Associated Press/April 9, 2004

Big Spring -- Former Ku Klux Klan leader David Duke left a federal prison in Big Spring Thursday and headed to an undisclosed halfway house in Louisiana.

"Mr. David Duke was released today, and that's all I can really say," said John Ybarra, prison spokesman.

Duke spokesman Roy Armstrong said in a story in today's Midland Reporter-Telegram that the former Louisiana state representative left Big Spring on a Greyhound bus.

Armstrong said Duke is scheduled to spend a month in the halfway house.

Duke turned himself in at Big Spring in April 2003.

Duke was sentenced to 15 months in prison and fined $10,000 for bilking his supporters and cheating on his taxes. After completing his sentence, Duke was scheduled to have two years of supervised release.

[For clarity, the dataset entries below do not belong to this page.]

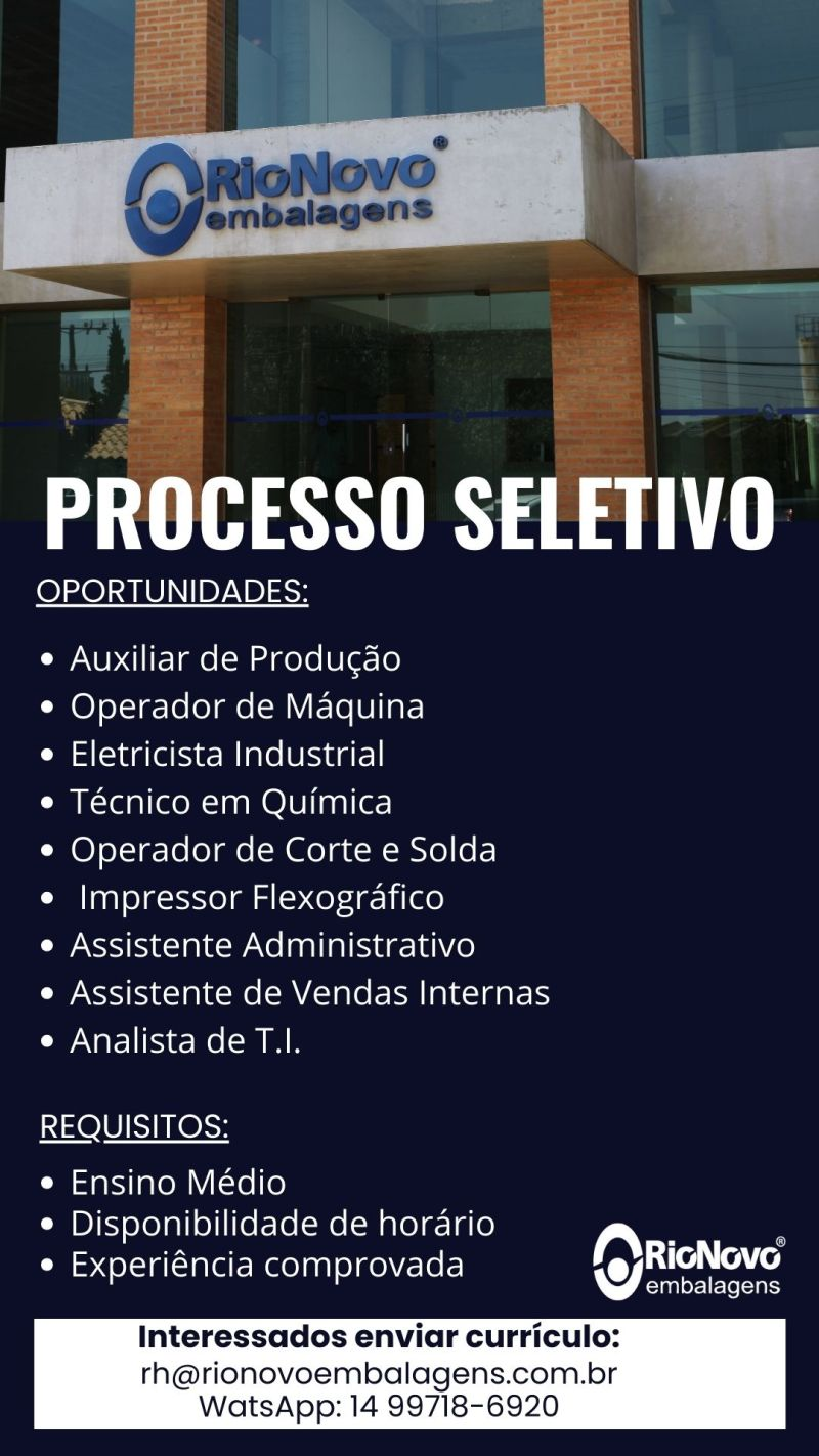 Envie seu currículo via WhatsApp: (14) 99718-6920 e/ou via E-mail: rh@rionovoembalagens.com.br
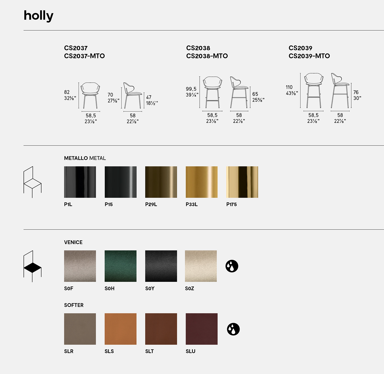 Holly stands apart for its enveloping padded backrest with generous dimensions that allows you to rest your arms comfortably.
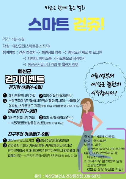 [충청뉴스큐] 예산군보건소는 군민 건강증진을 위한 ‘스마트 걷쥬’ 프로그램을 4월 1일부터 재개한다.
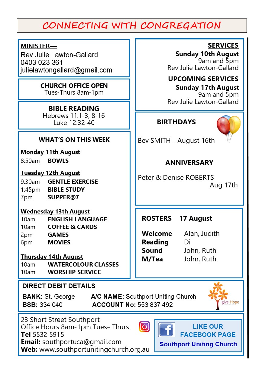 Cnr. Short & Scarborough Streets, Southport. Phone 55325915 Email southportuca@gmail.com
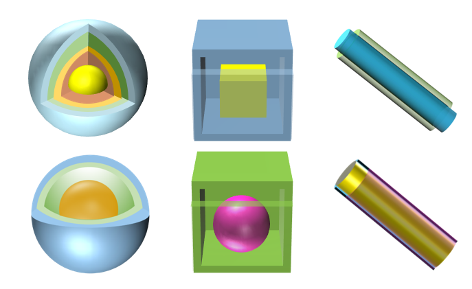 本期教程主要包括核-壳或核-空-壳纳米球,纳米盒子,同轴纳米电缆三种类型,效果如下所示:
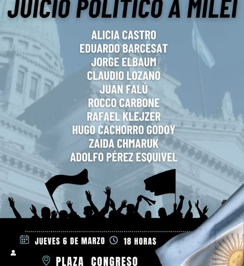 El próximo jueves 6 de marzo a las 18 horas, la Plaza de los Dos Congresos será el escenario de un acto convocado por diversas figuras políticas, gremiales y de derechos humanos, con el objetivo de exigir el inicio de un juicio político contra el presidente Javier Milei. Entre los convocantes se encuentran:
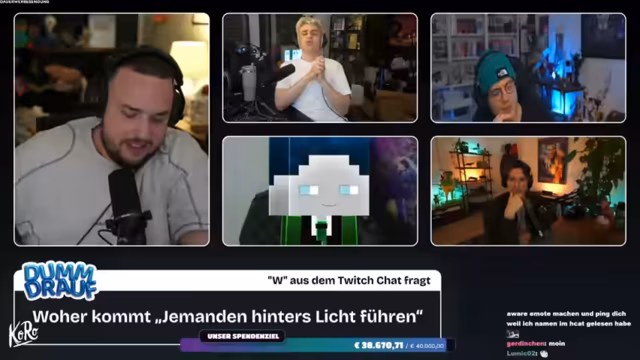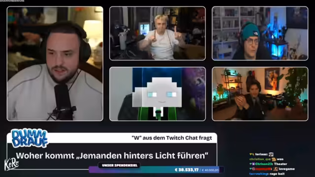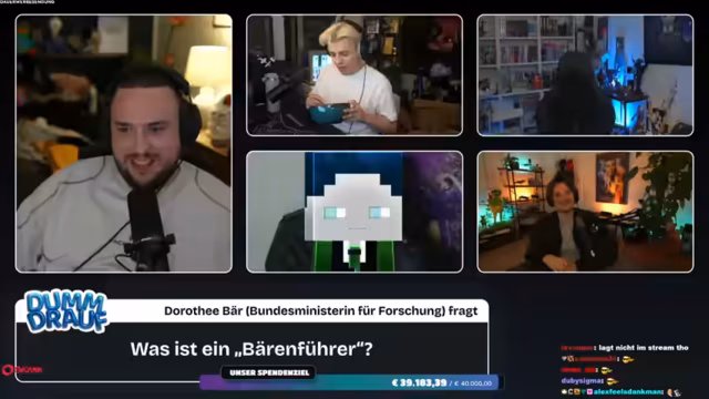 02:47:03Nachdem die technischen Probleme behoben sind, erklärt der Streamer das Konzept des „Dumm drauf“-Formats. Ähnlich wie bei einem früheren Fußballspiel-Stream wird ein Overlay verwendet, das in Minecraft integriert werden kann. Die Teilnehmer können selbst entscheiden, ob sie in Minecraft mitmachen oder nicht. Der Streamer hat bereits alles vorbereitet und eine „richtige Glotze aufgebaut“. Während der Vorbereitungen gehen weitere Spenden ein, darunter 100 Euro von Roman. Die Gesamtsumme der Charity-Aktion nähert sich der halben Million Euro, was als „insane“ und „sehr cool“ bezeichnet wird. Das Format beginnt mit den Teilnehmern Herr Bergmann, Basti und Niek, die sich auf die bevorstehenden Herausforderungen freuen.
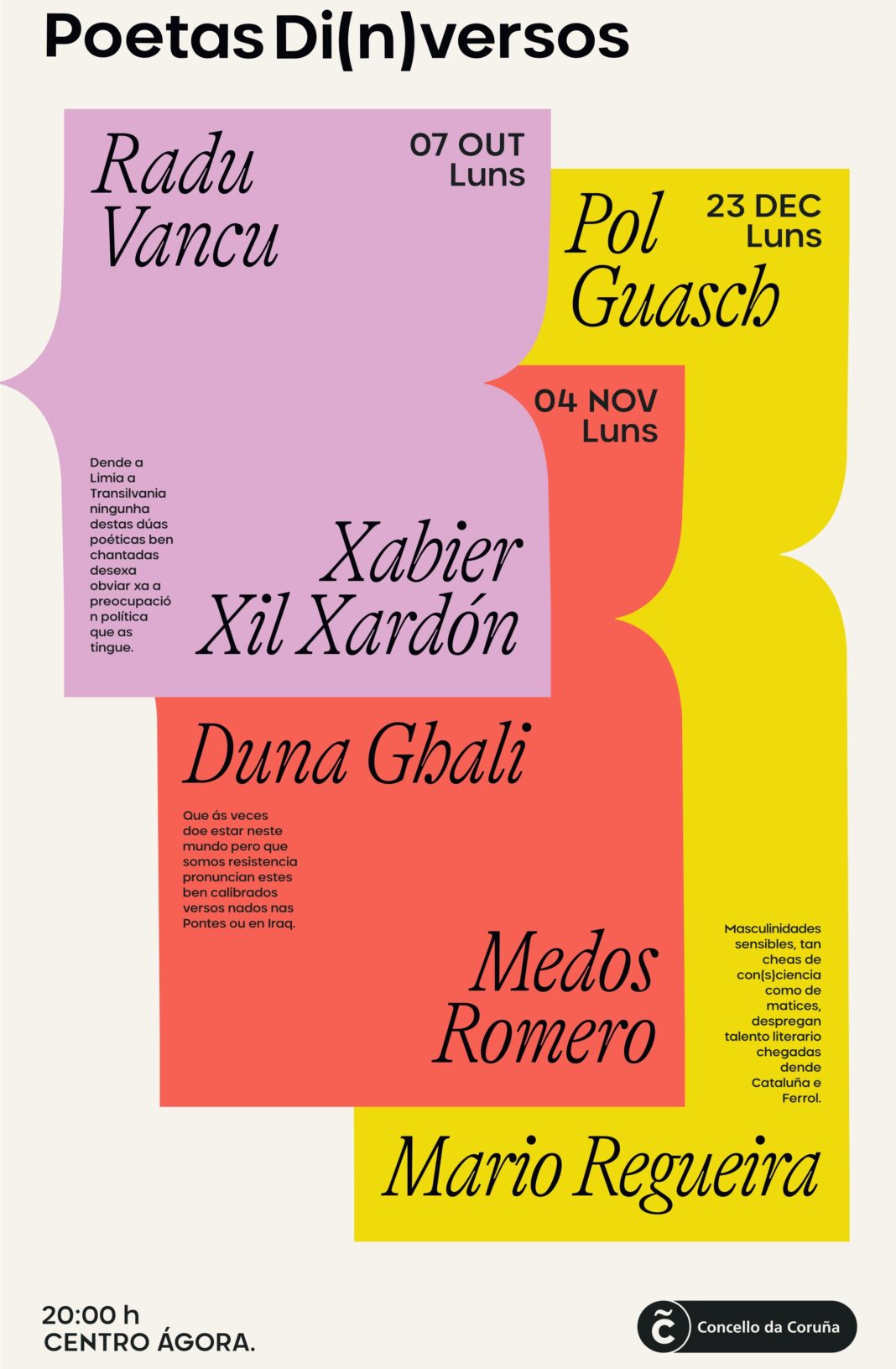 Á cita de outubro seguiralle o recital da consagrada autora en lingua árabe Duna Ghali e da premiada co Miguel Glez.-Garcés e o Premio Afundación de Poesía, Medos Romero. A iraquí e a pontesa compartirán escenario do Ágora o luns 4 de novembro. Para rematar o ano e os primeiros tres meses de lecturas, o luns 23 de decembro tomarán o relevo o ferrolán Mario Regueira, un dos críticos literarios galegos de maior relevo ademáis de poeta e narrador, e unha das voces máis fulgurantes e prometedoras da nova literatura catalá, Pol Guasch.
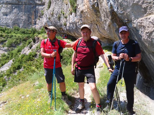 Nada más comenzar, las vistas son espectaculares. A nuestra izquierda, en el otro lado, el sendero por donde discurre la faja Raisín, y a nuestros pies ya comienzan a aparecer las curiosas formaciones rocosas que la erosión ha esculpido durante millones de años. Y esto sólo es el principio. Como hay espacio suficiente para colocar el trípode, decidimos hacernos una foto los tres.

In a plea bargain finalized in December 2002, Duke pleaded guilty to falsely reporting a gross income of $18,831 in 1998, rather than the actual $65,034, and to bilking supporters.

The mail fraud charge stemmed from what prosecutors described as a six-year scheme between 1993 and 1999 to swindle thousands of followers out of hundreds of thousands of dollars through a direct mail campaign.

After his sentencing, Duke denied swindling his supporters.

Prosecutors said Duke told supporters that he was in danger of losing his home and savings, but said he sold his home for a profit, held numerous investment accounts and gambled away much of his take at casinos in Mississippi, Las Vegas and the Bahamas.

Duke left the Klan in 1980 but continued to make enemies with his anti-Jewish, anti-black speeches and writings. In the past several years, he traveled and made speeches in Europe and the Middle East talking about "white survival."

Duke spent one term in the Louisiana House in the late 1980s. After that, he lost elections for the U.S. Senate in 1990 and governor in 1991. He ran third in the primary for a U.S. House seat from suburban New Orleans in 1999.

When he gets out of prison, Duke is prohibited by law from seeking office in Louisiana for 15 years because of his felony conviction.